Cada professor, um negócio. Cada um com metas específicas e bem traçadas. Cada um trazendo para si a responsabilidade de gerir, criar, planejar, inovar, cuidar de sua própria conduta. Ficamos imaginando: como isso se dá na prática cotidiana? Como os alunos são

trazidos para este universo? Como eles sentem, se permitem em meio as capturas? Será que resistem?

Hoje, mais de três anos depois, acompanhando os processos corriqueiros da escola, percebemos que essa linguagem não é mais usual, mas as práticas, as vivências, o espírito, as posturas, as formas de se relacionar com o currículo, com o tempo pedagógico e com os alunos, continuam como antes, como um negócio.

Aos poucos nos fomos dando conta que isso, nada mais era, do que o jogo do empresariamento da sociedade, mencionado por Foucault (2008a), que estende para o tecido social, materializado nas instituições que não a empresa (dentre elas podemos destacar as escolas, universidades e a polícia), ―regras próprias e características do funcionamento da empresa: estímulo à concorrência, sistemas de premiação, processos de vigilância entre pares etc.‖ (BENEVIDES, 2017, p. 5).
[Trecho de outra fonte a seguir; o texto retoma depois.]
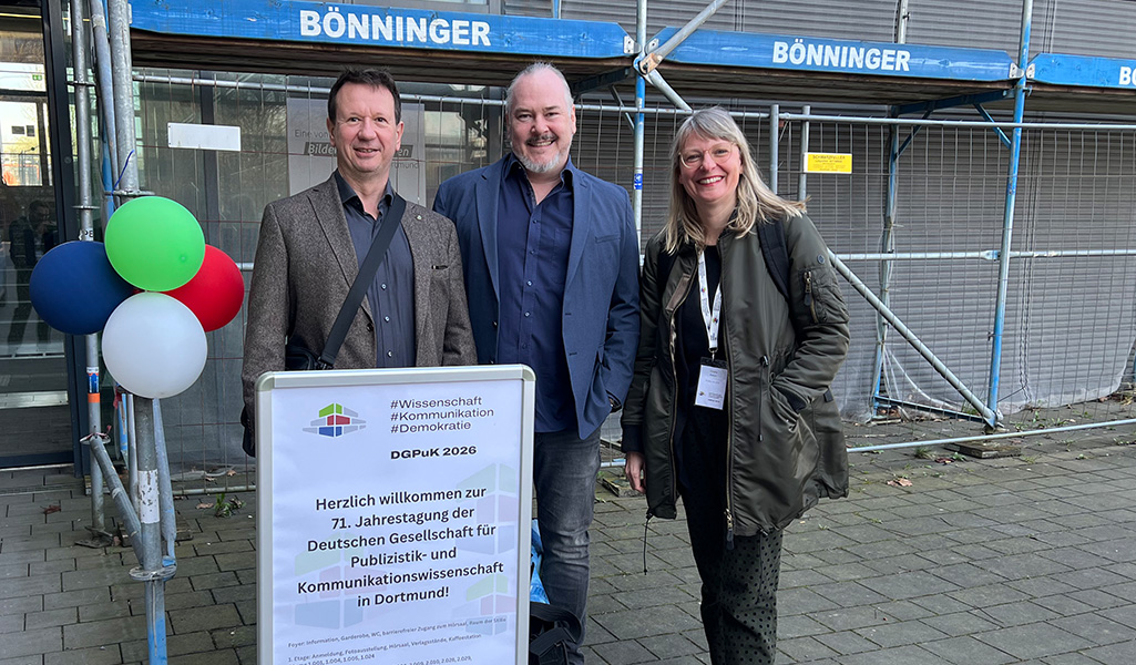 Im März traf sich die deutschsprachige Kommunikationsforschung zur Jahrestagung der Deutschen Gesellschaft für Publizistik- und Kommunikationswissenschaft (DGPuK) an der TU Dortmund. Gisela Reiter, Marian Adolf und Andreas Hess vom Department of Communication präsentierten die Ergebnisse einer aktuellen Studie mit dem Titel „Ich recherchiere mir das selbst zusammen“. In dieser Studie wurden Differenzierungspraktiken junger NutzerInnen bei journalistischen und journalismusähnlichen Medienangeboten untersucht.

Os movimentos criados pelo novo modelo capitalista parecem seduzir e gerar um anseio por novos valores educacionais, fincados na promessa de que assim, a educação terá um sentido prático e que os alunos terão novo gosto por este lugar que é a escola. No entanto, isso pela busca de uma vinculação da educação a um

―economismo‖ aparentemente simplista cujo axioma principal é que as instituições, em geral, e as escolas, em particular, só têm sentido dentro do serviço que elas devem prestar às empresas e à economia. O ―homem flexível‖ e o ―trabalhador autônomo‖ constituem, assim, as referências do novo ideal pedagógico (LAVAL, 2004, p. 3)

Passando, assim, a operar com engenharias de produção e fomento do que Foucault (2008) chamou de homo oeconomicus que ―é o homem governável porque é o homem cognoscível, e é o homem cognoscível porque é o homem governável‖ (BENEVIDES; CARVALHO, 2015, p. 365).